- **Dataset**
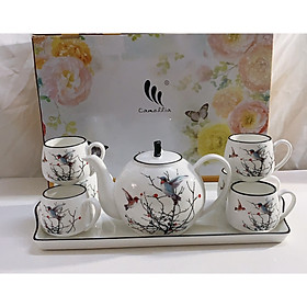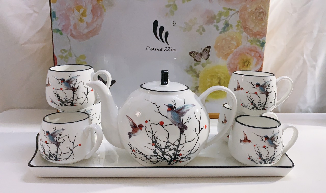 Một bộ sản phẩm bao gồm: 01 ấm, 01 đĩa ấm, 06 chén và 06 đĩa chén. Bộ sản phẩm được làm từ chất liệu gốm cao cấp, bảo đảm an toàn vệ sinh
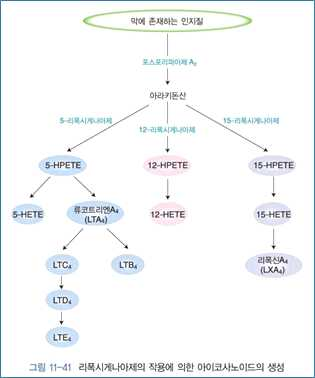 ⋅아라키돈산이 리폭시게나아제의 작용을 받게 되면 → 류코트리엔, 하이드로페록시아이코사테트
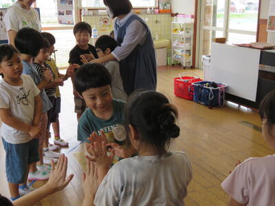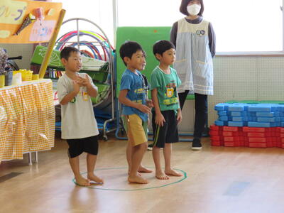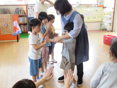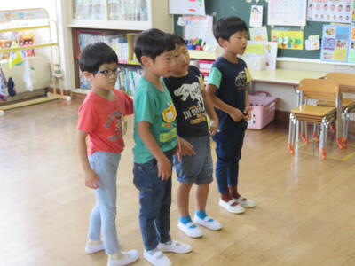 夏休み中は,大きな事故やケガもなく,元気に登園した姿を見て,うれしくなりました。体も心も一回り大きくなった姿に驚きました。おかげさまで無事に2学期のスタートを切ることができました。
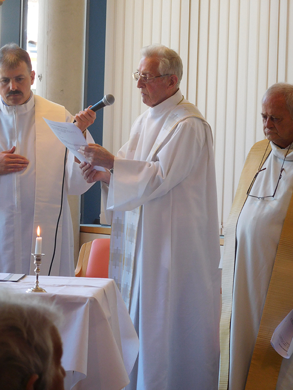 La messe était présidée par le doyen. Il était entouré à l’autel par les autres prêtres du secteur pastoral dont l’abbé Charles Collet, lui-même résidant du home. Tout le monde était à la joie et exprimait sa reconnaissance au Seigneur pour le ministère pastoral fructueux de ce prêtre généreux, modeste et discret. Grand amateur de beauté et de finesse artistique – en témoignent les œuvres d’art ornant les travées de l’église de Longchamps – l’abbé Collet a été congratulé et a reçu deux beaux livres, l’un sur l’art en Ardenne et l’autre, plus spirituel. Après quelques mots de remerciements de sa part, c’est dans la bonne humeur et un petit verre à la main que s’est poursuivi cet événement de la vie bien remplie d’un prêtre simple et entièrement donné à sa vocation. Merci et encore félicitations !
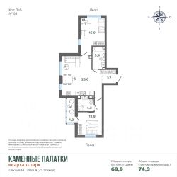 Продается квартира в современном Квартал-парке ''Каменные Палатки'' новый жилой комплекс комфорт-класса расположен на границе микрорайонов ЖБИ и Втузгородок, в 15 минутах от центра города рядом с природным парком Каменные палатки и озером Шарташ.В продаже 4 очередь (секция 14).Преимущества квартир:• Высокие потолки (2,7 м),• Качественная чистовая отделка: входные двери, ламинат, обои под покраску, установлена сантехника,• Горизонтальная разводка систем отопления свободные стены,• Счетчики на э/э, воду и тепло ежемесячная экономия на коммунальных платежах,• Сделаны входы для слаботочных сетей (интернет, телефон, цифровое телевидение).Преимущества дома:• Просторная закрытая придомовая территория,• Прямо из комплекса выход в природный парк Каменные Палатки,• Просторная наземная парковка и подземный паркинг,• Муниципальный детский сад в 3й очереди на 200 мест,• В жилом комплексе расположены ЖизньМарт, Монетка, Пятёрочка, пункты выдачи ЯндексМаркет, Ozon и Wildberries. Детский оздоровительный центр и стоматологическая клиника. • В нескольких минутах от дома расположены: гимназия 45, пять детских садов, гипермаркет ''Магнит Семейный''.
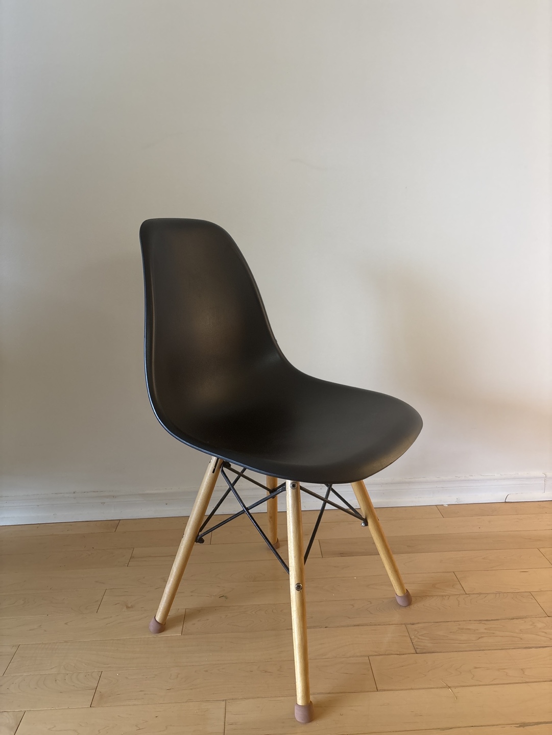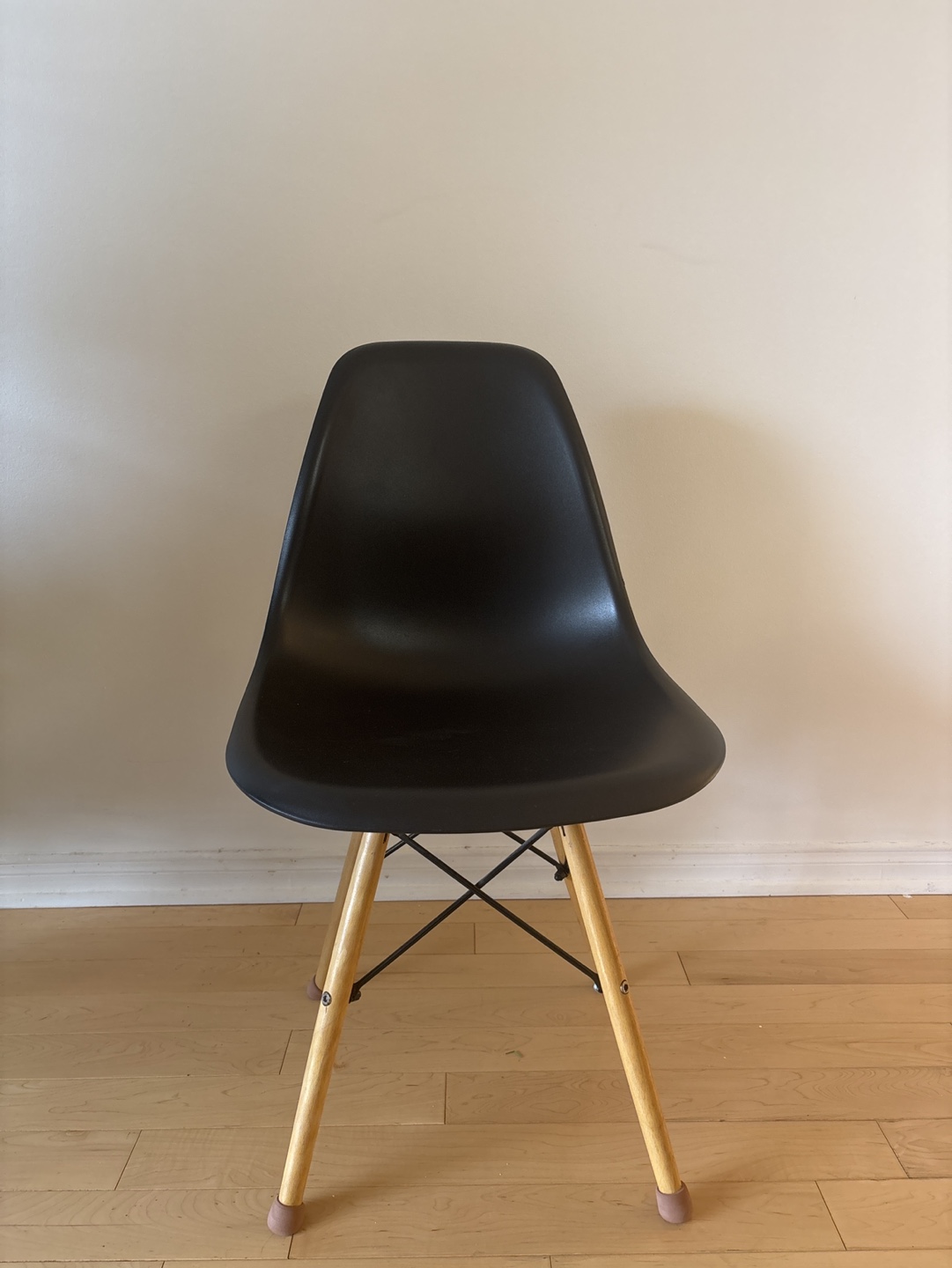 Black plastic chair with wooden legs. Great for a dining room, kitchen or office.

- **Task prompt**
The reply should hold the lines from the top of the records through the line containing "夏休み中は,大きな事故やケガ", reproduced exactly, and no pictures.

- **Your response**
 Một bộ sản phẩm bao gồm: 01 ấm, 01 đĩa ấm, 06 chén và 06 đĩa chén. Bộ sản phẩm được làm từ chất liệu gốm cao cấp, bảo đảm an toàn vệ sinh
 ⋅아라키돈산이 리폭시게나아제의 작용을 받게 되면 → 류코트리엔, 하이드로페록시아이코사테트
 夏休み中は,大きな事故やケガもなく,元気に登園した姿を見て,うれしくなりました。体も心も一回り大きくなった姿に驚きました。おかげさまで無事に2学期のスタートを切ることができました。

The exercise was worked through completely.